Leveraging nature’s protein disposal system
A critical component of the body’s natural protein disposal system is a large group of proteins, called E3 ligases, that recognizes mutated and misfolded proteins, or proteins that are no longer needed, and tags them with ubiquitin protein molecules. This ubiquitin tag directs the target proteins to the proteasome, a large cellular complex that subsequently degrades the tagged protein into small peptides. PROTAC protein degraders work by recruiting a chosen E3 ligase into close proximity with a specific disease-causing protein so that it can be tagged with ubiquitin and sent off for degradation by the proteasome. After the protein is degraded, the PROTAC is released to continue its degradation mission.
PROTAC-mediated protein degradation has multiple benefits over other modalities:
- Targeting the “Undruggable” – Traditional small molecule inhibitors require strong binding to a target protein, often to its active site. Since PROTAC protein degraders only need to bind weakly to the target protein in order to specifically “tag” it, the ~80% of the proteome that is currently “undruggable” may be addressable by PROTAC degraders.

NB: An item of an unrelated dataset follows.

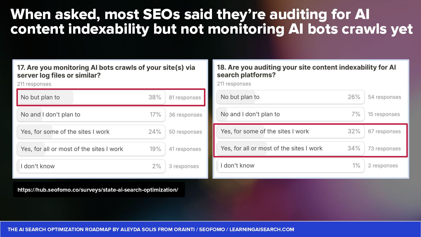 / SEOFOMO / LEARNINGAISEARCH.COM https://hub.seofomo.co/surveys/state-ai-search-optimization/ When asked, most SEOs said they’re auditing for AI content indexability but not monitoring AI bots crawls yet
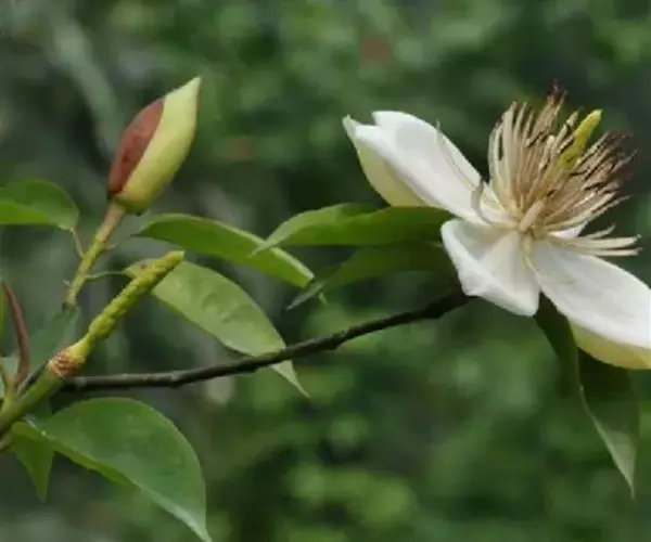 深山含笑是木兰科含笑属常绿大乔木。株高达20米;芽、幼枝、叶下面、苞片均被白粉;叶为革质宽椭圆形,…

- Multiple routes of administration – We can generate PROTAC protein degraders to be delivered orally, via injection, or via infusion, depending on the disease and need.
- Crossing the blood/brain barrier – In preclinical studies, our PROTAC protein degraders have successfully penetrated the blood-brain barrier, a key step in developing drugs to treat neurodegenerative diseases.
- Potential for tissue-specific targeting – Unlike other small molecules, the activity of a PROTAC degrader can be targeted to a specific tissue by recruiting an E3 ligase which is expressed only in that cell lineage.
- Benefits of small molecules – In contrast to some other novel modalities, PROTAC protein degraders have broad distribution in the body and can be manufactured using well-understood processes.